НОВОСТИ ЭНЦИКЛОПЕДИЯ БИБЛИОТЕКА
Summary. African art
Typology. System. Evolution
In historical terms, art among the peoples of Tropical Africa is one of the least studied phenomena in world artistic culture.
The first references to African art occur in the works of travellers and ethnographers (H. Barth, G. Schweinfurth and L. Frobenius). At the end of the 19th century and the beginning of the 20th. research works on the art of Benin appeared (Ch. Read and O. Dalton, Pitt-Rivers and F. von Luschan). Round about 1905, the study of traditional art began, mainly wood sculpture (C. Einstein, V. Matvei and E. von Sydow). In the Tens and Twenties, interest in African art was particularly stimulated by European practice. Later, the line of approach to African art gradually changed. After the end of the 40s, we see an increasingly differentiated approach to the study of various ensembles, schools of art, local and, finally, individual styles.
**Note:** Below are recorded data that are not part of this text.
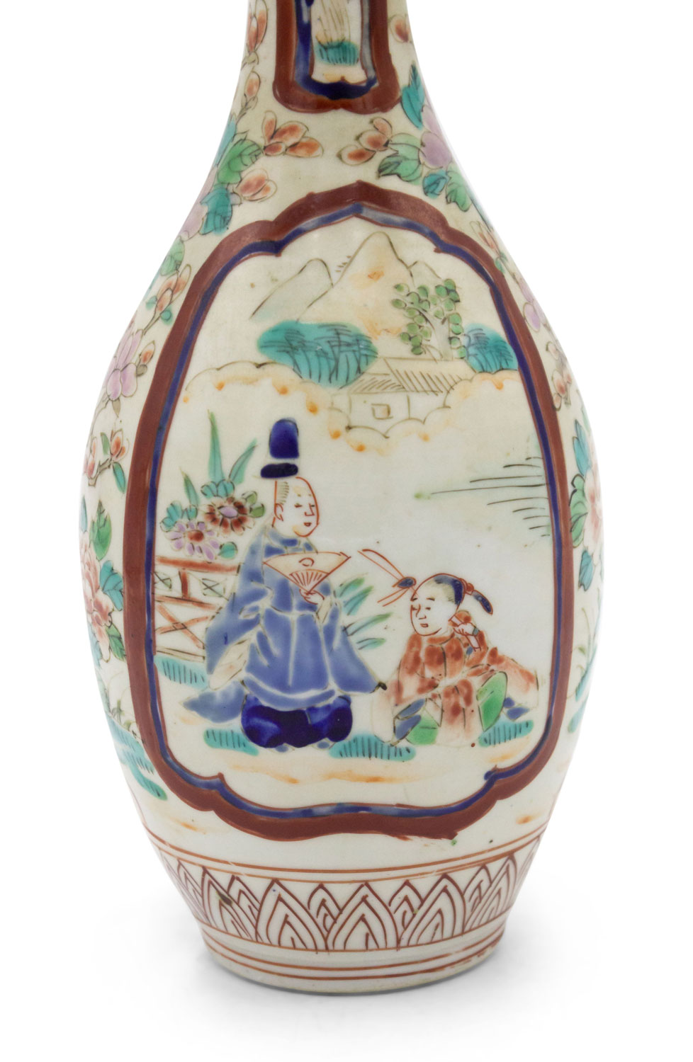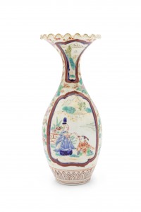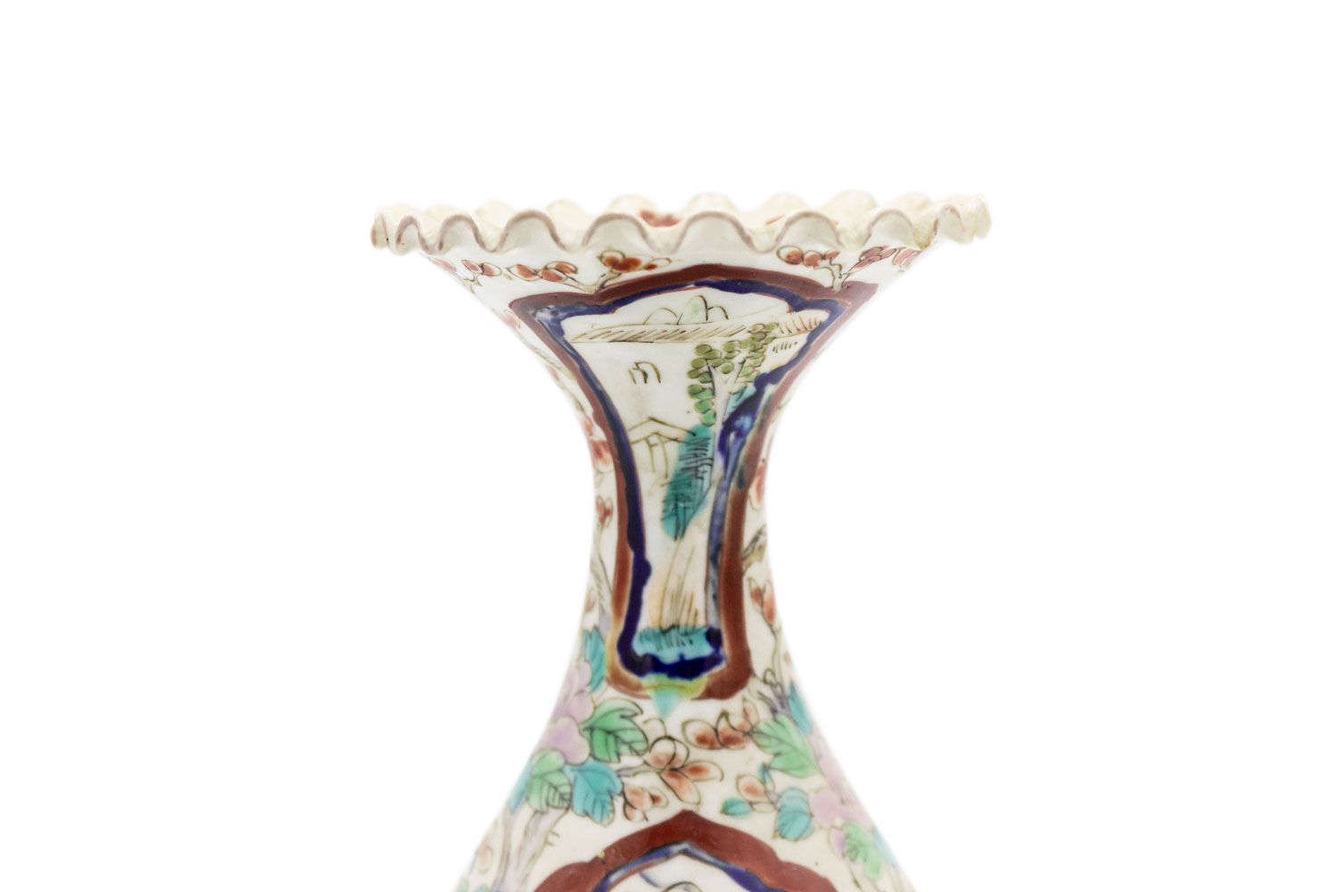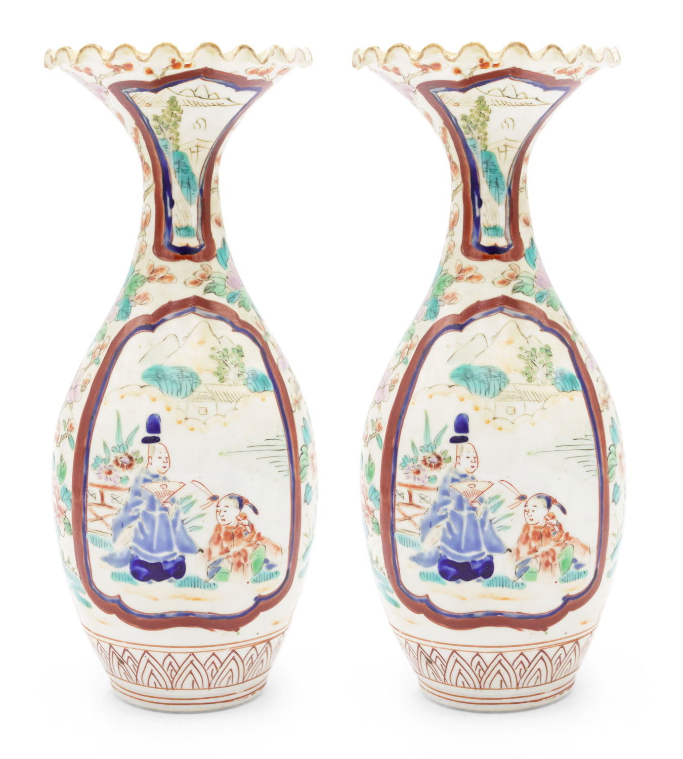 PAIR of Asian Chinese Imari (18th Cent) porcelain small vases with a scalloped top and scenes of figures and flowers. (Small chip to 1 top) (PRICED AS PAIR)
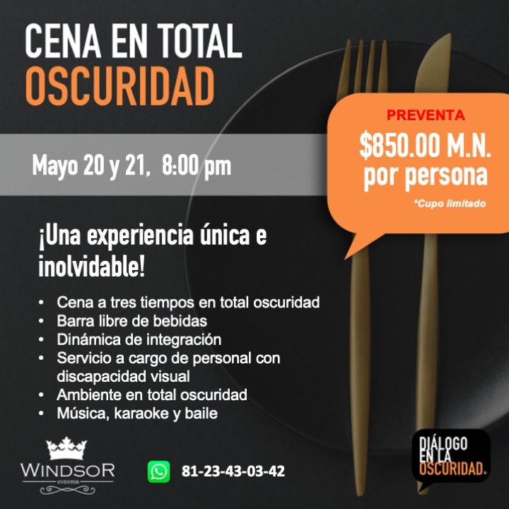 CENA EN TOTAL OSCURIDAD 20 Y 21 MAYO 2026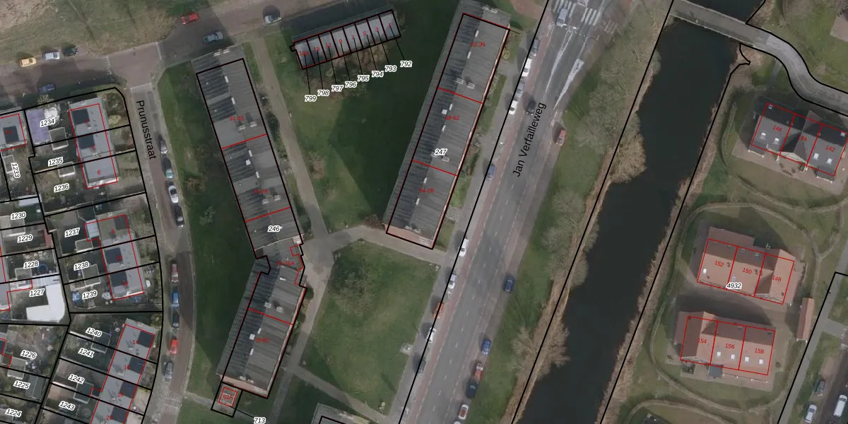 Het perceel waarop Jan Verfailleweg 64 staat heeft een oppervlakte van 637 m². Dit is een groot perceel. De perceeloppervlakte wordt geregistreerd door het Kadaster. Gedetailleerde informatie over de maten van dit perceel kunt u vinden in het rapport Kadastrale kaart met maatvoering van Jan Verfailleweg 64.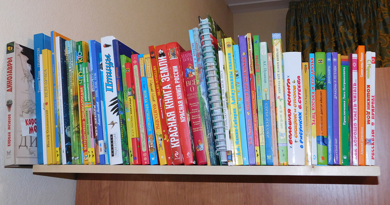 Родился второй сын, и я радуюсь возможности купить что*то интересное, и подходящее его возрасту, правда младший совсем другой, его книжкой не приманишь, ему планшет подавай! Так, начала собираться наша библиотечка. Особо масштабным на покупки оказался прошлый год благодаря возможности покупки книг через СП. Но мои желания часто не совпадают с возможностями, у нас очень мало места(( Под книги я приспособила шкаф в детской и уговорила мужа прикрутить полочки из икеи к стенке двуспальной детской кровати

In the Fifties and Sixties, African art attracted even more attention. The profound influence exerted by it on the contemporary artistic process was becoming obvious and its importance was being recognised as a historical document that made it possible to "interpret the various aspects of African culture from within". At the same time, the history of artistic culture became of interest in the African countries themselves. This was directly connected with the general problems of cultural construction, the aims of contemporary art, the growth of national self-awareness and the formation of a world-outlook.
During the Sixties, many scholarly and popular works of African art were published abroad. In these, as before, monuments of traditional creative art were studied as a local phenomenon, outside history and detached from the archaic strata, that is, the complexes of ancient and medieval art. In spite of a considerable shift in the overlapping areas of African studies, the art of tropical Africa is still considered unamenable to diachronic research.
From the beginning of the Sixties, research into various aspects and centres of African art in its historical development has been the main subject of our work. We have been investigating the stylistic evolution of rock painting, the genesis of the ancient and medieval artistic cultures, aspects and functions of the traditional graphic arts and the emergence of contemporary professional art in the independent African countries. As a result, we have identified certain chronological and stage strata, and parameters common to the materials that have made it possible to undertake the systematic analysis and retrospective reconstruction of the creative process.
The two-part structure of the book corresponds to the synchronic and diachronic aspects of the research. Part 1, based on the morphological analysis of specific monuments and fundamental typological series, contains a general classification and systematisation of the material. Research brings to light the existence of a single cultural-historical substratum, a system of interdependence between local schools of art and ensembles, and a pattern in the spectrum of regional styles. At the same time, the collective nature of tribal art is clarified, as well as its organic ties with the mythological context and with social functions. Analysis of the surviving forms of ancient and traditional art makes it possible to conclude that special regional characteristics form under the influence of changing factors - social and ethic, and. later, individual; that the unity of the artistic substratum is determined by social functions conditioned by stage, whereas the special local characteristics perform an ethno-differentiating function.
In Part 11, on the basis of the division, carried out here for the first time, into general periods, the consecutive stage layers are subjected to systematised diachronic analysis and the more general tendencies are ascertained in the artistic development of the Tropical African peoples from the most primitive to the present times. The following are examined in conformity with the dynamics of cultural-historical development: the genesis and evolution of the early, primitively naturalistic, realistic and abstract forms of art (the primaeval communal era); the development and emergence of the mature ideoplastic forms of the traditional clan and tribal art (the era of class formation); the origin and evolution of professional crafts, or "court" art (early class societies); the problems of the emergence of contemporary individual professional art in the independent African countries.
During research into primitive art, certain common general laws of artistic development are brought to light: the complex, spiral path of stylistic evolution, expressed in the periodic growth and decline of realistic and abstract trends. Analysing the material of traditional art, we come to the conclusion that its inherent forms, acquiring the universal character of symbol or sign, correspond to the preliteracy period and are the product of evolution, the result of prolonged selection and economy of graphic resources.
The reconstruction of the history of African graphic art and comparison with similar aspects of art in other regions and the study of factors determining the basic parameters of the artistic process demonstrate that certain stages of cultural-historical development correspond everywhere to definite aspects and forms of creative activity.
The general picture of the development of art among the peoples of Tropical Africa invalidates the theories according to which African art culture, viewed outside its historical context, is evaluated either as the result of stagnation, or as an exclusive phenomenon, the offspring of a special Black spirit.